[mira_talk] Re: BAC vector sequece masking for de novo assembly using PacBio C2

  • From: Juan Pascual Anaya <jpascualanaya@xxxxxxxxx>
  • To: mira_talk@xxxxxxxxxxxxx
  • Date: Sun, 8 Dec 2013 21:16:25 +0900

Hello again, after a very loooong while. I haven't been working on this due
to other more urgent projects I had to do. Finally, I had sometime to write
a script to eliminate the sequence of the BAC vector (please, check below
the e-mail thread to remember), and was able to prepare some data and a
manifest file for MIRA4.

Just to summarize the pipeline of what I've done:

1) Self-correction of more than 100X coverage of PacBio reads (with C2 and
P4)

2) After self-correction, I get ~29.5X coverage with error-corrected-PacBio
reads

3) Align the reads to the sequence of the vectors with SSAHA2, output in
gff format
ssaha2 -best 1 -output gff vector.fasta pacbio.ALL_fastq >
pacbio.ALL_pCC1BAC.gff

4) Delete sequence of the vector, and in case it is in the middle of a
read, split the read into 2, 5' read and 3' read (>300 bp), without vector
sequence. For this, I use a perl script (find attached). I am new to
programming, so probably the code is very nasty... After this, I finally
get ~27.4X coverage, in principle enough to try an assembly..
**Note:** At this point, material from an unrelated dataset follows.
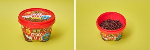 メガチョコベビーバケツは、450g・約1,600粒を詰め込んだ特大サイズである。通常のチョコベビーが32g程度・約110粒であることを考えると、そのスケールは実におよそ15倍。ここでポイントになるのは、“量が多い”という事実よりも、“どのように食べるかに裁量がある”という余白の大きさだ。家族や友人とすくって食べればパーティーの主役になり、あえて一人で好きなだけ食べれば童心の解放体験になる。さらに、バケツが空になったら通常サイズを継ぎ足すことができ、“無限チョコベビー化”すら可能という仕組みもおもしろい。単体で完結する商品ではなく、所有することで継続的に遊べる“体験型お菓子”としてデザインされている点にユニークさがある。

And now my "problems" start with MIRA. I know that the genomic sequence of
this beast, the hagfish, contains nasty repetitive elements, and thus I got
high ratio of megahubs, ~1.5% in the first passes. When I got this
abortion, I reduced the -HS:nrr parameter (usually 100 for genome
assemblies, right?) to 50. Since this failed, I increased the -SK:mmhr to 2
(leaving -HS:nrr as default). I then got a 4% of megahubs, and then
increased the -SK:mmhr to 5 (find attached also the manifest file).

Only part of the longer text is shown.